I couldn't get rid of you
Though I knew I needed to
You cropped up at every turn
And I wondered if I'd ever learn

How to ignore your merciless taunts
And turn a blind eye at your flaunts
You cry out in the streets feigning wisdom
And threaten to tear down all God's Kingdom

But we all must stand up to you
Before you blind us through and through
You only made me focus on myself
When my eyes should be on someone else

As long as I am in the flesh
I'll battle you till my last breath
Oh how many years I've tried and tried
Till I relied on God to rid me of you, Pride



I think that sums it up. The biggest thing in my life right now that I have needed help with is pride.

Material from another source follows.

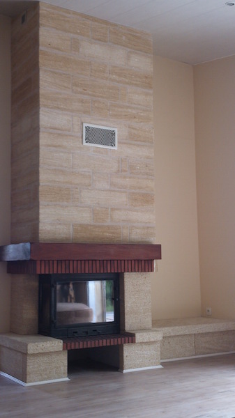 habillage en pierre du gard d,un conduit de cheminée en placo-platre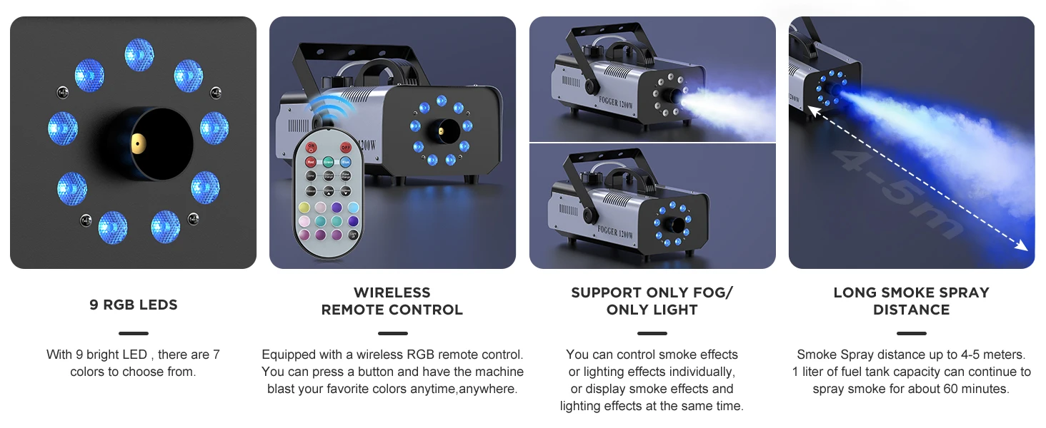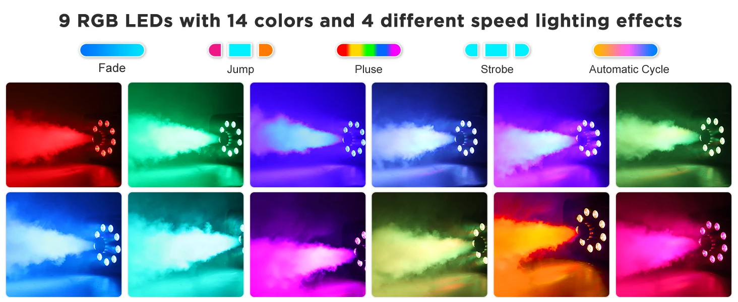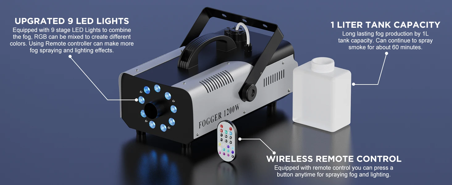 Yiflamefly Upgrade 1200W Smoke Machine With 9PCS RGB 3IN1 LED Colorful Spray Fogger Stage Equipment For DJ Disco Wedding BanquetSpecifications:Color: …

I must daily ask the Lord to make me aware of it and to cut it off before it starts. Pride comes in so many ways: spiritual pride, intellectual pride, pride over our possessions, pride that won't allow us to be wrong regardless of whether we are or not, pride that keeps us from doing or saying things for fear of tearing down our facade of togetherness.  But it is all selfish. We use it to build ourselves up rather than being built up by the Word of God. We don't need pride. Yet when we try to let it go, we reach for it and pick it up again. Somehow we believe that without it, we won't amount to anything. But pride never gave anyone worth. The only way for true worth is by finding our identity in the God who created us. "Thus says the Lord: “Let not the wise man boast in his wisdom, let not the mighty man boast in his might, let not the rich man boast in his riches, but let him who boasts boast in this, that he understands and knows me, that I am the Lord who practices steadfast love, justice, and righteousness in the earth. For in these things I delight, declares the Lord.” (Jeremiah 9:23-24) In truth, I am addicted to pride. I am wondering how I am going to go on without it. That is so wrong, and yet that is the whole of the battle. I do that which I do not want, and that which I want to do, I do not. Yet with God's help, I will live a life consecrated to Him and give all the credit where it is due: on Christ Jesus my Savior and Lord.